AutoML that fuses GenAI with classical ML & Deep Learning — hexagonal, secure-by-default, native to the Firefly Framework.

· · · ·

The LLM proposes; a deterministic classical engine decides. GenAI is a governed, measurably-gated accelerator over a battle-tested classical core — never a black box.

Status: all sub-projects delivered and green (ruff · pyright · 90+ tests). Classical tabular AutoML · GenAI feature engineering · the agentic ML-engineering loop · deep learning (PyTorch Lightning) + NLP (HuggingFace) + vision · TabFM · serving · the OpenML-AMLB benchmark harness. New here? Start with the Tutorial or browse the documentation site.

What is this?

fireflyframework-datascience is a state-of-the-art Python metaframework for AutoML. It combines GenAI (built on fireflyframework-agentic, which wraps Pydantic AI) with traditional ML and Deep Learning, so any team can apply data science to any project quickly — with production governance, hexagonal swappability, and security by default.

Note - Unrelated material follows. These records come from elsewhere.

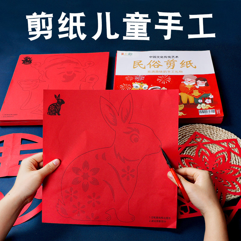 2024 New Year cut paper pattern underdraft Children's handmade Diy Kindergarten New Year's Day China Wind Window Flower semi-finished products Long-Taobao
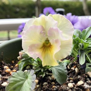 ブルーのビオラ(鉢が😁) 古い色あせたプラ鉢をリメイクし活用してます! 花より鉢が目立ってます❗
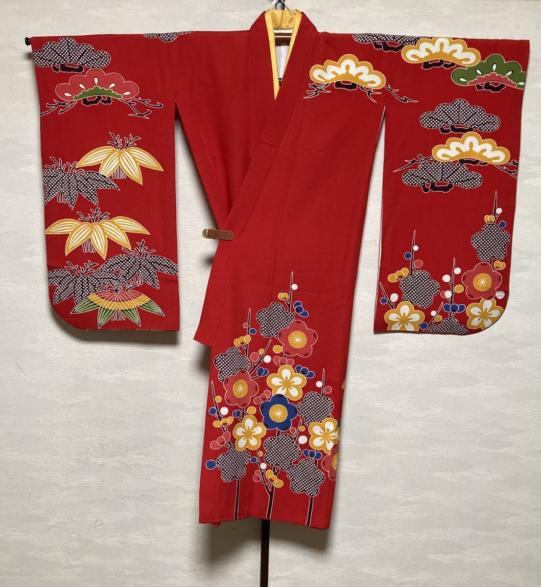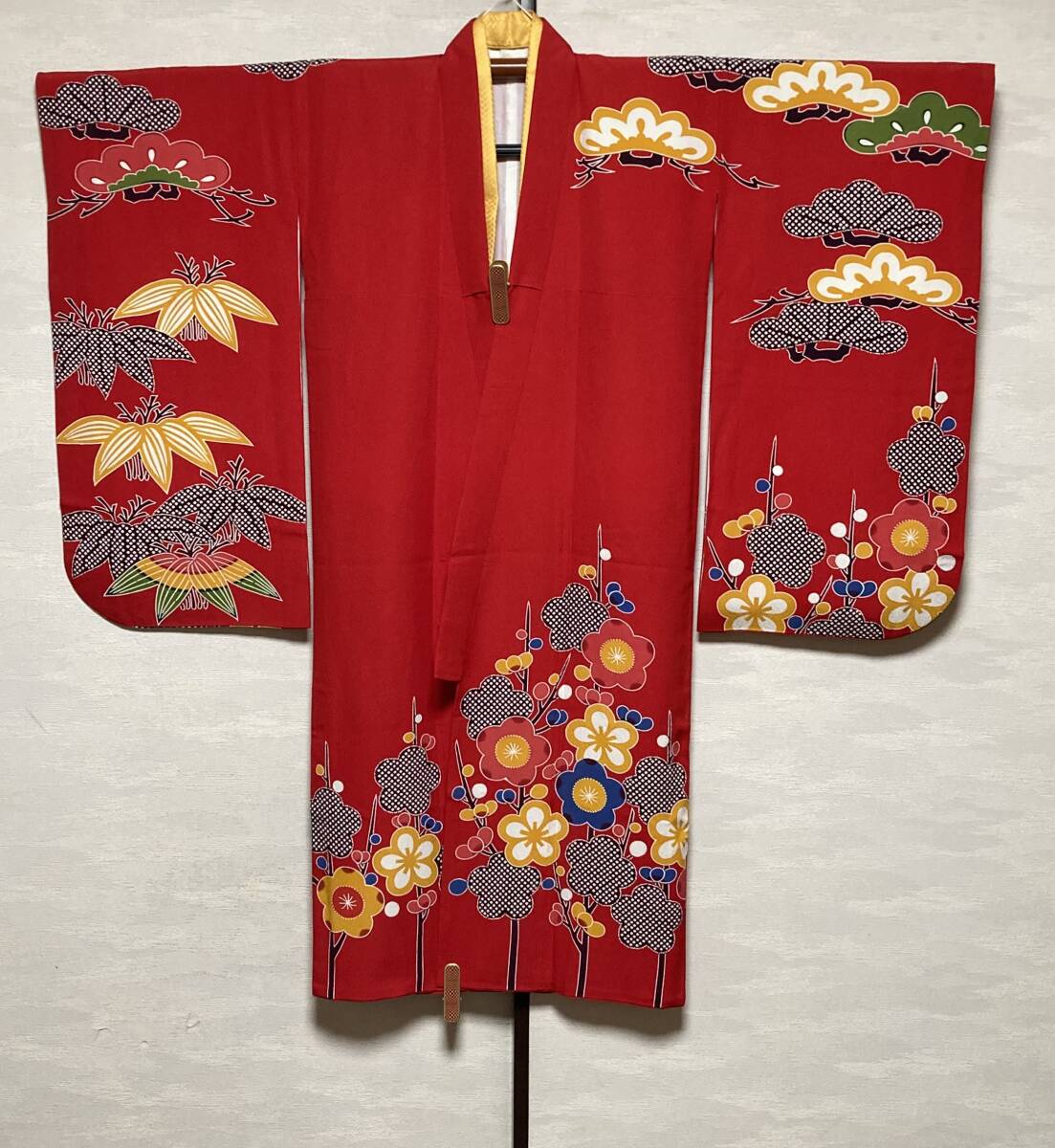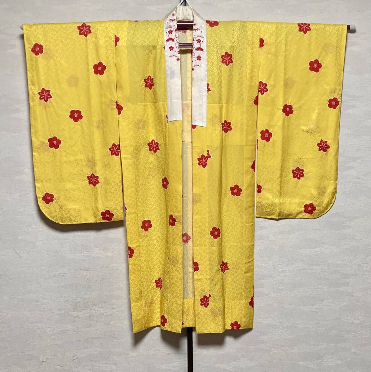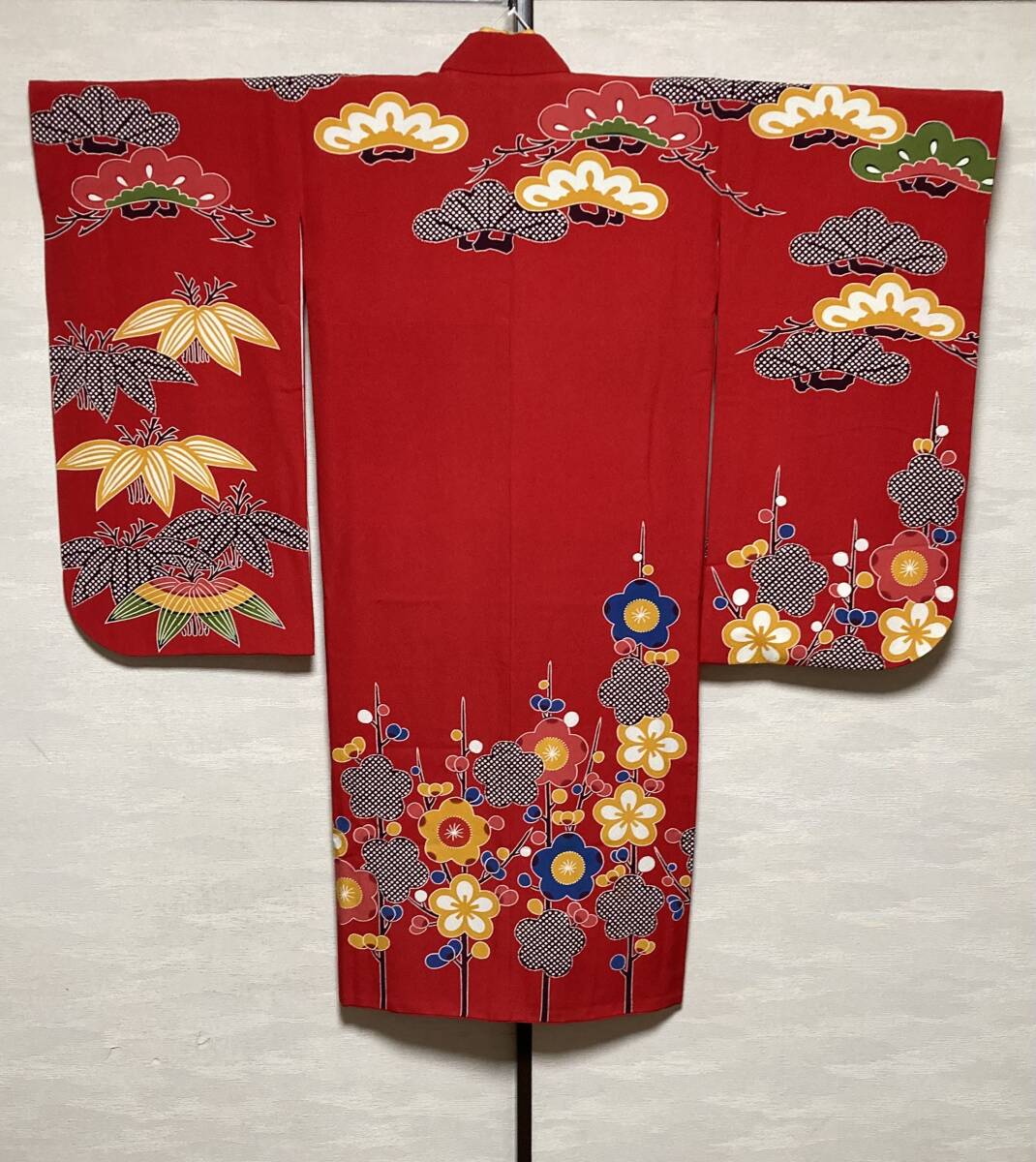もともと栗山吉三郎の四つ身はお作りが少なく貴重なお品です。深みのある可愛らしい赤で紋様もおめでたいものです。シボのたった上質な生地はどっしりとしています。お襦袢も絞りの入った高級品です。

One reproducible pattern. The LLM proposes code/features/pipelines/seeds; a deterministic classical engine trains, scores, and selects; every GenAI step is gated behind a measured improvement over a seeded classical baseline.
Hexagonal & swappable. Each ML/MLOps library sits behind a Protocol port, so the core stays library-agnostic. Adapters that ship today: scikit-learn, XGBoost, LightGBM, CatBoost, TabPFN, PyTorch Lightning, HuggingFace, and MLflow. Ports with reference or planned adapters (AutoGluon, Feast, BentoML packaging, a model registry) are marked as such in the docs — the seams exist; the adapters are landing.
Firefly-native. Auto-configuration, dependency injection, a startup banner + wiring summary, CalVer, and the same CI gates as the rest of the Firefly Framework.

Why it matters

Beyond the engineering, Firefly DataScience is designed to change five things that decide whether data science actually delivers business value:

Faster time-to-value — AutoML chooses and tunes the model and an agentic loop iterates, so a benchmarked, production-grade model is days of work, not quarters.
Governed GenAI — the LLM proposes, a deterministic engine measures, and a cost/benefit gate keeps only what beats the baseline. Every decision is logged and auditable; no unproven AI output ships.
No vendor lock-in — open (Apache-2.0) and hexagonal: every ML library and every LLM provider is a swappable adapter, and the whole framework is self-hostable.
Lower cost & risk — classical-first (cheap, reproducible) with secure-by-default execution of any generated code; generative AI is used only where it measurably pays.
Production-ready — serving, data validation, lineage and real benchmarks are built in, not bolted on.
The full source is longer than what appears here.